To the world, and to most of the world, we’re nothing; like grains of sand, like an autumnal leaf that falls to the ground.  Whether we live or whether we die, doesn’t matter to the world at all.  But to Jesus, we are somebody; somebody loved, somebody dear, somebody wanted, somebody prayed for, died for.  If I could define the Christian faith as any one thing above anything else, I would call it "the religion of the one lost sheep [Luke 15:3-7], and the one lost coin [Luke 15:8-10], and the one lost boy" [Luke 15:11-32].  We are somebody in God’s sight.  And in that communion, in that fellowship, we all belong to the body of Christ [1 Corinthians 10:16-17].

I don’t know of anything more beautiful in typifying that than a scene in the Anglican Church in England; and the great, world famous, British adored Duke of Wellington was kneeling at the chancel altar rail to receive the communion.  And as the Duke of Wellington knelt at the altar rail to receive, according to Anglican custom, the communion from the hands of the officiating priest, there knelt by his side, there came and knelt by his side a poor, ragged man.  And when he did so, the clergyman tapped him on the shoulder and said to him, "Sir, you can’t kneel there.  You are next to the great Duke of Wellington.  Now you move away."  And the Duke overheard what the Anglican clergyman said, and the Duke replied, he said, "Sir, leave him alone.  Leave him alone.  We’re all the same here, for the ground is level at the cross."

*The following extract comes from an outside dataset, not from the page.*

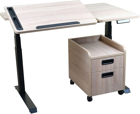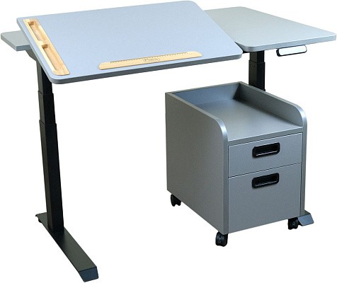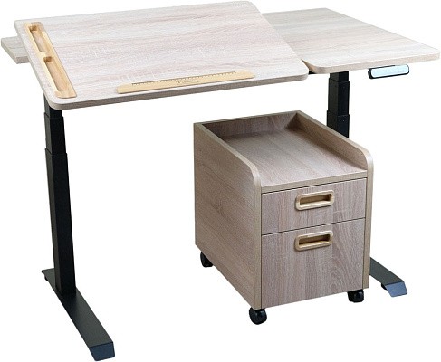 Электронный стол Trifecta со встроенной столешницей с изменяемым углом наклона— это самый эргономичный вариант среди всех столов с электроприводом! Рабочая поверхность столешницы снабжена органайзером для хранения канцтоваров, предотвращая их падение при изменении угла наклона. А также магнитной линейкой для удержания тетрадей во время письма.

In God’s sight, there are no big and little, no famous and infamous, no near and far; in God’s sight, we’re all one, we’re all loved, we’re all brothers and sisters in the koinonia, in the fellowship, in the communion, in the participation of the great, glorious goodnesses of God vouchsafed to us in Christ Jesus.  That’s what he says, and that’s what he means: "For we being many are one bread, and one body:  for we are all partakers of that one loaf" [1 Corinthians 10:16-17].

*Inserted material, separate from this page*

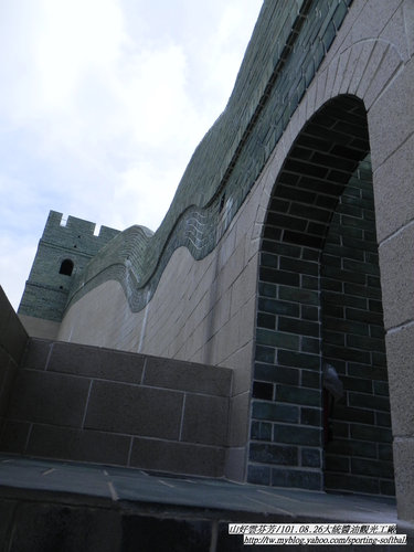在長城外是國父 孫中山先生,兩側還有兵馬俑守護。

My brother, if that doesn’t make you glad, I don’t know what could – what God hath done for us, and what Jesus means to us, and how much in Him we come to love one another.  Now for the moment, may we stand together?

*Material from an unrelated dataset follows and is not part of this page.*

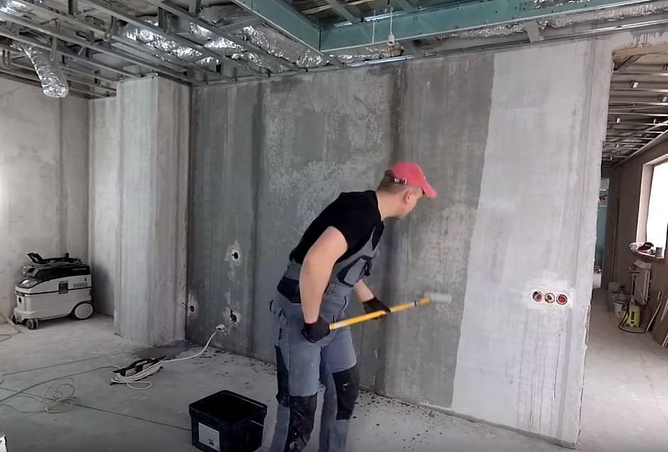 - Хорошо очистить поверхность от загрязнений, а потом обработать ее грунтовкой Бетоноконтакт или другим веществом глубочайшего проникания. Делается это для уменьшения впитываемости воды потолочным или стеновым основанием и с целью его доп укрепления. Опосля грунтовки поверхности не будут давать усадки.

Our Lord, when we think of the sacrifice of Jesus for us [1 Corinthians 15:3], we are so deeply humbled.  Could it be that our Lord on the tree laid down His life for me? [1 Peter 2:24].  Oh, such amazing grace, such abounding love, such illimitable remembrance and sympathy and pity; Lord, Lord, if ever we loved Thee, we love Thee now.  And our Master, tonight, may God touch the heart, woo to Himself, and bring into the fellowship of God’s kingdom and this dear church these whom the Holy Spirit woos and wins and invites tonight.  And for the answered prayer and these who shall respond, we shall love Thee forever.  In Christ our dear Lord, amen.

Now our ministers will be here, and while we pray and while we sing and while we wait, in this balcony round, somebody you, in the press of people on this lower floor, a family you, a couple, as God shall say the word, answer with your life: "Pastor, tonight I take the Lord Jesus as my personal Savior," or "Tonight, we’re putting our lives in the communion and the fellowship of this dear church."  Out of the balcony, down one of those stairways, and there’s time and to spare, on this lower floor, into one of the aisles and down here to the front, "Pastor, we are answering God’s call, and here we stand."  Make the decision now in your heart.  And in a moment when we sing, into that aisle and down to the front, do it now, make it now, while we pray, while we wait, and while we sing.